Clean Eating: A Global Health Movement
We’re coming up on the 100th anniversary of one of Albert Einstein’s most important ideas: the Unified Field Theory.
If it’s been a while since your last physics class, here’s a refresher: This is the theory that ties the four basic forces of nature together — strong interactions, weak interactions, electromagnetic interactions and gravity. In other words, it's the idea that everything is connected.
That same concept can also be applied to health. For example, I recently read "Total Heart Health," by Dr. Robert Schneider, which suggests a “Unified Field Chart for Total Heart Health." The approach is based on the Maharishi Vedic tradition and focuses on the mind, body and environment together.
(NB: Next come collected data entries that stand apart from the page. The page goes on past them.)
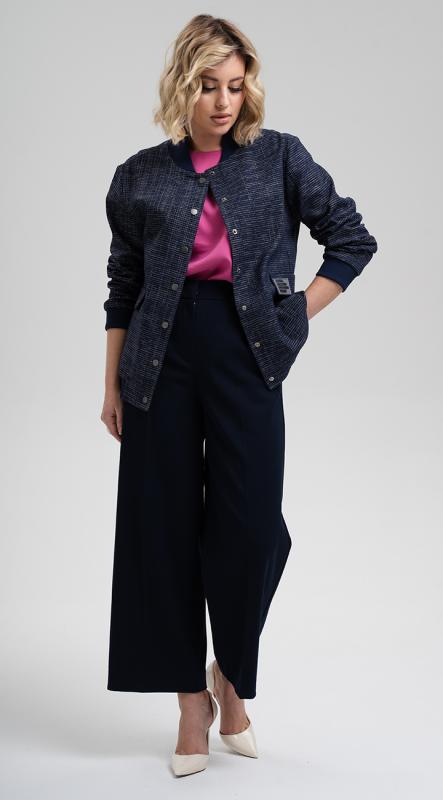 Стильный объемный бомбер с декоративными клапанами и карманами из костюмной поливискозы - исполнен с учетом всех последних тенденций моды и прекрасно подойдет для создания образов в стиле casual. Уникальное сочетание стиля и комфорта. Рукав рубашечного кроя полной длины. Бомбер с манжетами, поясом и воротником из трикотажного кашкорсе. Застежка на кнопки.
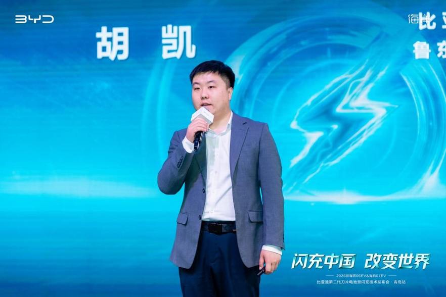 在热烈的氛围中,主持人介绍到场嘉宾并邀请比亚迪海洋网鲁东大区大区经理胡凯先生登台致辞,胡凯先生向到场嘉宾表示衷心感谢。他强调,今年3月,比亚迪正式发布了具有里程碑意义的第二代刀片电池与闪充技术,再次颠覆了新能源补能效率的行业标准。海洋网始终秉持“技术为王,创新为本”的理念,正在引领纯电出行进入“闪充无忧”的全新时代,让用户以高效便捷的方式享受新能源出行。
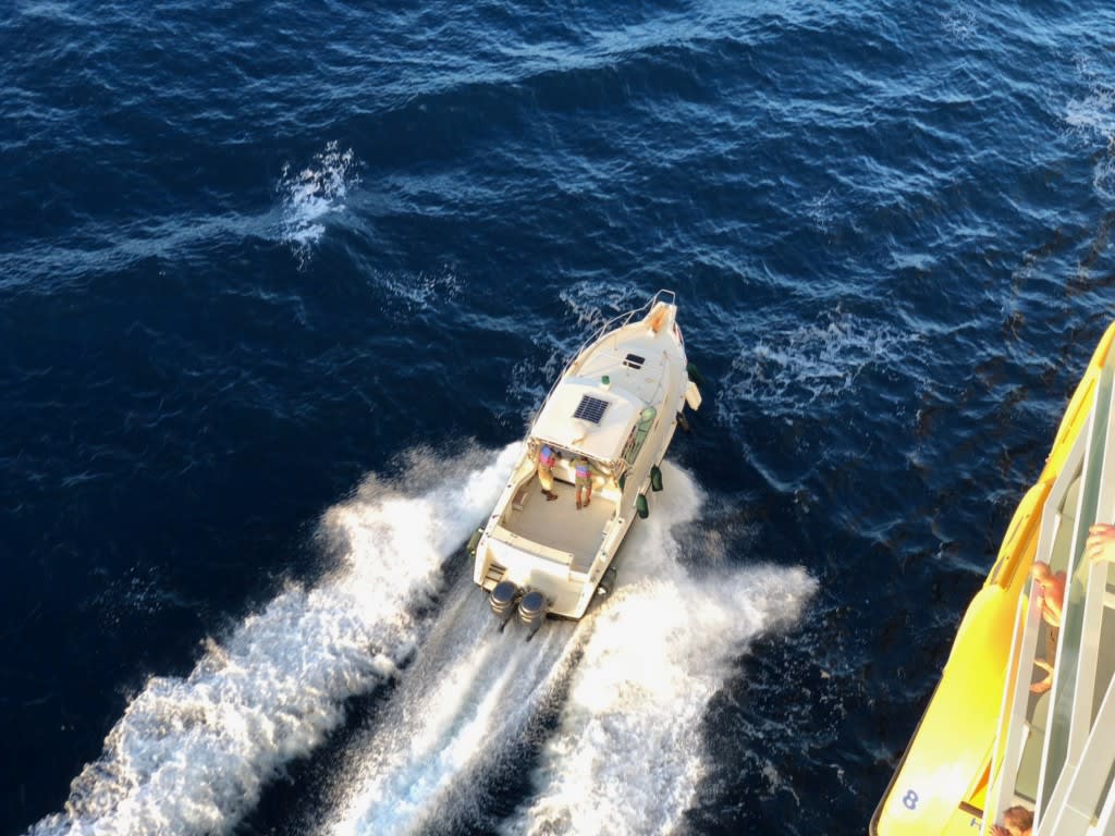 食事が終わる頃には、ファルマス港に近づいてきていました。このクルーズ旅で初めてタグボートをみましたよ〜。

Inspired by Dr. Schneider's book, I started to scribble down some ideas of my own. I wanted to apply the same theory to "clean eating," and adapt a similar holistic view.
I’m calling this the “Unified Theory of Clean Eating": the idea that clean-eating diets, in addition to promoting physical health, are also sensitive to the environment and animal rights. Just like in Einstein's theory, everything is connected.
There are many different “clean” diets, but the term generally means an emphasis on whole foods raised close to nature and an avoidance of processed foods full of added sugars, oils and salt. Clean eating augments health by focusing on nutrient-dense foods rich in minerals, vitamins, antioxidants and phytonutrients, and lower in potentially carcinogenic additives. In that way, it's generally superior to the standard American diet, with its excess of calories and chemicals.
But clean eating isn't just a smart choice for one's health, vitality, and longevity. It's also the ethical choice for the planet.
Why should we care about environmentally-friendly eating patterns? With the recent announcement that the world population will reach nearly 10 billion by 2050, agencies such as the United Nations and even the USDA have emphasized the impact of food sources on the environment.
So it’s important to consider that while all clean eating patterns are healthy options, those that contain meat, fish and eggs — like the Mediterranean, DASH, Pegan, and pesco-vegetarian diets — consume far more resources than plant-based plates.
The bottom line: There are many paths to healthy eating, but we also must live responsibly for future generations.
I’m particularly inspired by the words of Thich Nhat Hanh: “As a population, if a large number of people
make even small moves to eat less meat and more plant-based foods, the livestock industry will shrink. Over time, farmers will find other crops to support their livelihoods. Through such collective awakening we can make a difference in our world.”